DATA SHOWN —
☆ ☆ ☆ ☆ ☆
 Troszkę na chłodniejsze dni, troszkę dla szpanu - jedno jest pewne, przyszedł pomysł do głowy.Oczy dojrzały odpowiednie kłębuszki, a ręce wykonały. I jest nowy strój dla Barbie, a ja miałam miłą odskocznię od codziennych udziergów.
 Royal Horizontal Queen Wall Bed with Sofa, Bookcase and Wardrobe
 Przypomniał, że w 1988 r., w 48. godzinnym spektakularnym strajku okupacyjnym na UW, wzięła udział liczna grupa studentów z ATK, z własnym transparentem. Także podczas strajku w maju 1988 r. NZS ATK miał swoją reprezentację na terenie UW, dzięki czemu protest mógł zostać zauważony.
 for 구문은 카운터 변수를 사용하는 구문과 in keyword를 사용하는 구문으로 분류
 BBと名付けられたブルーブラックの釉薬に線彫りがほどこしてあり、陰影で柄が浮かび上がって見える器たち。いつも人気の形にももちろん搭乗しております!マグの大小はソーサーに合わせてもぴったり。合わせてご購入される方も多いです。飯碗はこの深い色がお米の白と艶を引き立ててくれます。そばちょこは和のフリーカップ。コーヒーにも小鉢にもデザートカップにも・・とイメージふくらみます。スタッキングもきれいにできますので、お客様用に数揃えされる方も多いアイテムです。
☆ ☆ ☆ ☆ ☆
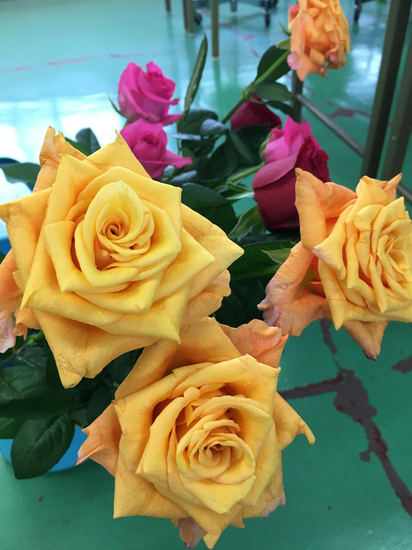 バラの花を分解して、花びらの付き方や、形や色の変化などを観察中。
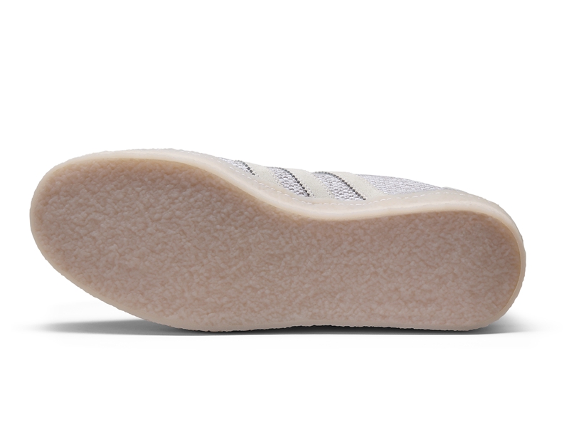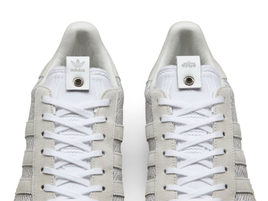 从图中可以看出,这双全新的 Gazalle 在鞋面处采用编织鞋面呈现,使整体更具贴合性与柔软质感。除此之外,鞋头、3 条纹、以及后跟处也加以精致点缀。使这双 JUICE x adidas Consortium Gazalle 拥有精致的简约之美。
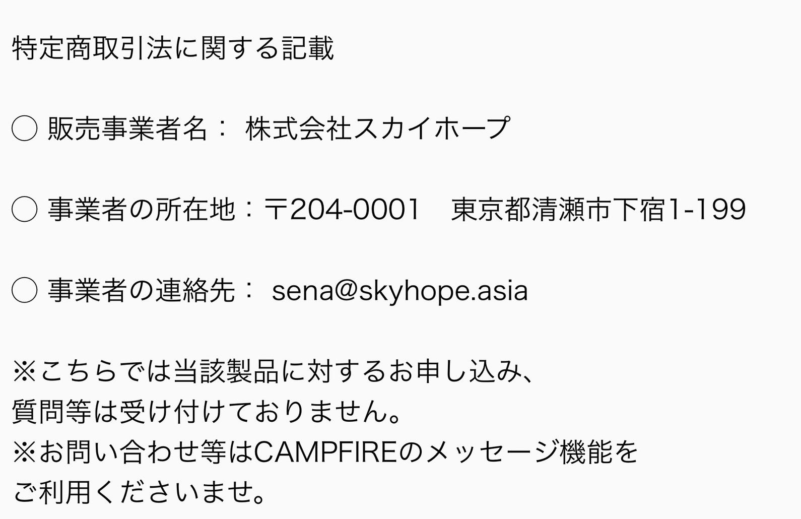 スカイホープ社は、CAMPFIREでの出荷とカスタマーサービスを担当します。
☆ ☆ ☆ ☆ ☆
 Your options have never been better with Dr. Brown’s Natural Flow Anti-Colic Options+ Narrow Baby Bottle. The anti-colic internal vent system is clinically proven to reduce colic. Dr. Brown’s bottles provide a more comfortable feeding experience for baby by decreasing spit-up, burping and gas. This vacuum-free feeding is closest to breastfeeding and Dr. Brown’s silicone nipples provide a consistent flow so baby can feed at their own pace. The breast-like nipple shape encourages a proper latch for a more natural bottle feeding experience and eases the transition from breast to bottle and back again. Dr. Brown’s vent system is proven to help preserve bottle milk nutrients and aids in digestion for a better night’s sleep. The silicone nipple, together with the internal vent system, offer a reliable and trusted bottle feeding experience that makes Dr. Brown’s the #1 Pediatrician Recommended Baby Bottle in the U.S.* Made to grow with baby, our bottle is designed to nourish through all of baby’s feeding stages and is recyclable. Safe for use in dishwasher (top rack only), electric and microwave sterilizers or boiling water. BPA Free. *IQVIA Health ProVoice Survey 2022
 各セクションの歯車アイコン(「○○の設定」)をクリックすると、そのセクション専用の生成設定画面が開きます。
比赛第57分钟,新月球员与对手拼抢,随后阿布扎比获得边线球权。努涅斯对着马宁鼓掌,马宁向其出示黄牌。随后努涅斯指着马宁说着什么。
☆ ☆ ☆ ☆ ☆
TASK STATEMENT — The expected answer is an exact copy of the lines above, beginning at the line with "for 구문은 카운터" and ending at the line with "BBと名付けられたブルーブラ", with both ends in.

EXERCISE RESPONSE —
 for 구문은 카운터 변수를 사용하는 구문과 in keyword를 사용하는 구문으로 분류
 BBと名付けられたブルーブラックの釉薬に線彫りがほどこしてあり、陰影で柄が浮かび上がって見える器たち。いつも人気の形にももちろん搭乗しております!マグの大小はソーサーに合わせてもぴったり。合わせてご購入される方も多いです。飯碗はこの深い色がお米の白と艶を引き立ててくれます。そばちょこは和のフリーカップ。コーヒーにも小鉢にもデザートカップにも・・とイメージふくらみます。スタッキングもきれいにできますので、お客様用に数揃えされる方も多いアイテムです。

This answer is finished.